Dataset excerpts:
--

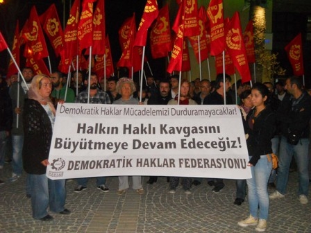 13 Kasım tarihinde İstanbul, İzmir, Samsun, Dersim dahil birçok ilde Demokratik Haklar Derneklerine yapılan baskın ve gözaltılar, Demokratik Haklar Federasyonu öncülüğünde İzmir’de protesto edildi. 15 Kasım saat 18:00’de Konak eski Sümerbank önünde birçok kurumun katılımıyla bir basın açıklaması yapıldı.
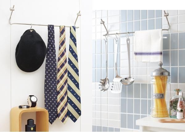 | リビングでもキッチンでも。様々な物が吊れるマルチラック。 |
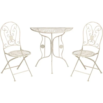 AmazonElegant bistro set with delicate ironwork and vintage finish Includes a compact table and two foldable chairs for space-saving convenience Ideal for smaller gardens, balconies, or patios Combines functionality and charm, offering a cosy spot to relax Perfect for adding style to outdoor spaces, both practical and stylish
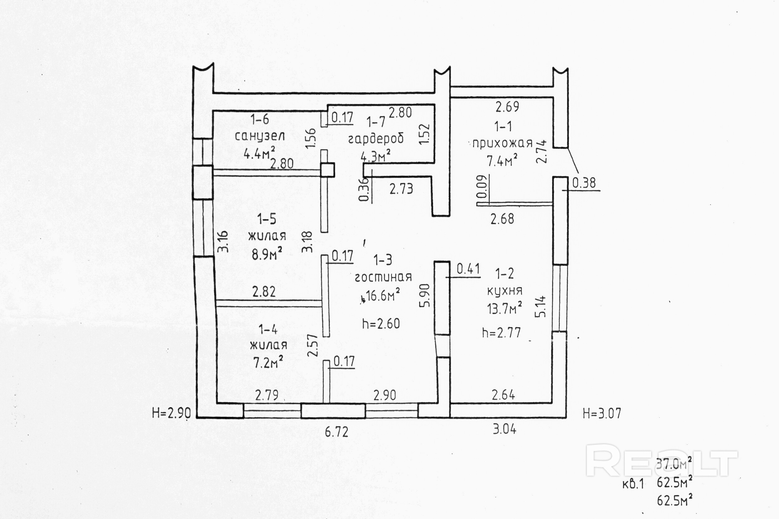 Площадь: Общая – 63 м; Жилая – 37 м; Кухня – 13.7 м; Гардеробная – 4.3 м; Санузел – 4,4 м; Прихожая – 7.4 м;
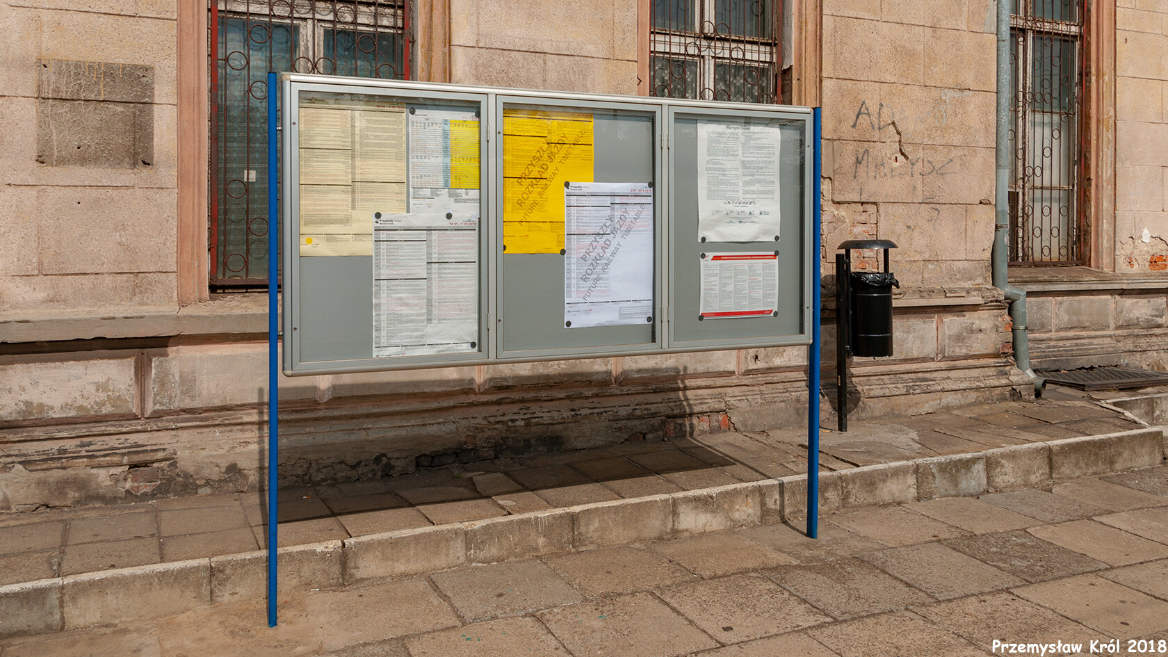 Wnętrze dworca kolejowego w Pile i informacja elektroniczna dla podróżnych.
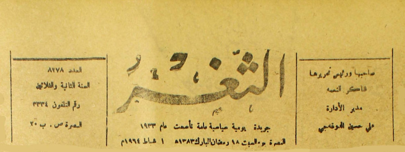 جريدة يومية سياسية عامة = AL-Thaghr : A Daily Newspaper
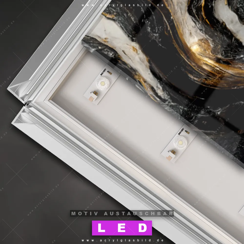 Wer will schon dunkle, triste Wände? Mit unserem LED Acrylglasbild Canvalight® DIA Liquid Painting Marmorlook und seiner fantastischen LED-Ausleuchtung werden deine Wände in Arzt - Praxis, Büro - Kanzlei, Wohnzimmer - Schlafzimmer, Bar - Gastronomie, Friseur - Beauty zu echten Hinguckern. Wenn du auf der Suche nach einem beleuchteten Wandbild aus Acrylglas mit Marmor, Flüssigkeit, Acryl, flüssig, Farbe, Marmorierung, Fluid Art bist, dann solltest du unser LED Leuchhtbild Fluid Art Marmordesign mit den beeindruckenden Motiv-Farben Schwarz, Gold, Weiss nicht verpassen. Gestaltet im angesagten Abstrakt, Modern Art Stil, passt das LED Bild mit DIA-Klapprahmen und wechselbarer Acrylglas-Scheibe perfekt zu jedem Einrichtungsstil – selbst in deinem kleinen Dschungel aus Kreativität und Chaos!

--

* Assignment:
Write out all of the data above exactly, pictures excluded.

* Answer below:
 13 Kasım tarihinde İstanbul, İzmir, Samsun, Dersim dahil birçok ilde Demokratik Haklar Derneklerine yapılan baskın ve gözaltılar, Demokratik Haklar Federasyonu öncülüğünde İzmir’de protesto edildi. 15 Kasım saat 18:00’de Konak eski Sümerbank önünde birçok kurumun katılımıyla bir basın açıklaması yapıldı.
 | リビングでもキッチンでも。様々な物が吊れるマルチラック。 |
 AmazonElegant bistro set with delicate ironwork and vintage finish Includes a compact table and two foldable chairs for space-saving convenience Ideal for smaller gardens, balconies, or patios Combines functionality and charm, offering a cosy spot to relax Perfect for adding style to outdoor spaces, both practical and stylish
 Площадь: Общая – 63 м; Жилая – 37 м; Кухня – 13.7 м; Гардеробная – 4.3 м; Санузел – 4,4 м; Прихожая – 7.4 м;
 Wnętrze dworca kolejowego w Pile i informacja elektroniczna dla podróżnych.
 جريدة يومية سياسية عامة = AL-Thaghr : A Daily Newspaper
 Wer will schon dunkle, triste Wände? Mit unserem LED Acrylglasbild Canvalight® DIA Liquid Painting Marmorlook und seiner fantastischen LED-Ausleuchtung werden deine Wände in Arzt - Praxis, Büro - Kanzlei, Wohnzimmer - Schlafzimmer, Bar - Gastronomie, Friseur - Beauty zu echten Hinguckern. Wenn du auf der Suche nach einem beleuchteten Wandbild aus Acrylglas mit Marmor, Flüssigkeit, Acryl, flüssig, Farbe, Marmorierung, Fluid Art bist, dann solltest du unser LED Leuchhtbild Fluid Art Marmordesign mit den beeindruckenden Motiv-Farben Schwarz, Gold, Weiss nicht verpassen. Gestaltet im angesagten Abstrakt, Modern Art Stil, passt das LED Bild mit DIA-Klapprahmen und wechselbarer Acrylglas-Scheibe perfekt zu jedem Einrichtungsstil – selbst in deinem kleinen Dschungel aus Kreativität und Chaos!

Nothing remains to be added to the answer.